▶ DATASET SECTION
[Start of section]
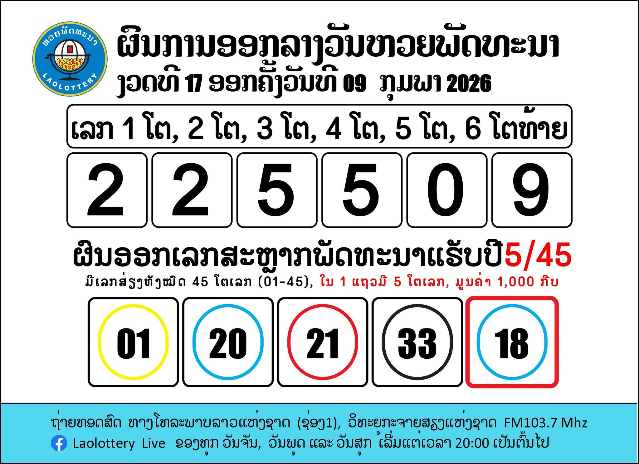 หวยลาววันนี้ งวดประจำวันที่ 9 กุมภาพันธ์ 2569 ผลหวยพัฒนาล่าสุด ตรวจรางวัล หวยลาว ออกอะไร
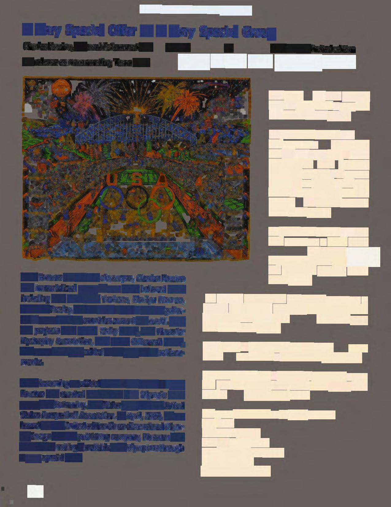 Since becoming an official artist of the USOC in 1999, Fazzino has created art for the U.S. Olympic Congress, USA Swimming, USA Water Polo, and The United States Racquetball Association. In April, 2000, he released his first limited edition three-dimensional Olympic image and his publishing company, Museum Editions Ltd. is making it available to all Olympians through a very special offer.
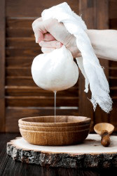The permeable qualities of the cheese cloth allow the liquid to be squeezed from the homemade mozzarella.
[End of section]
▶ PROBLEM
Exact copy required, pictures excluded: the lines from the one holding "Since becoming an" through the last line of the data, both ends included.

▶ SOLUTION BELOW
 Since becoming an official artist of the USOC in 1999, Fazzino has created art for the U.S. Olympic Congress, USA Swimming, USA Water Polo, and The United States Racquetball Association. In April, 2000, he released his first limited edition three-dimensional Olympic image and his publishing company, Museum Editions Ltd. is making it available to all Olympians through a very special offer.
The permeable qualities of the cheese cloth allow the liquid to be squeezed from the homemade mozzarella.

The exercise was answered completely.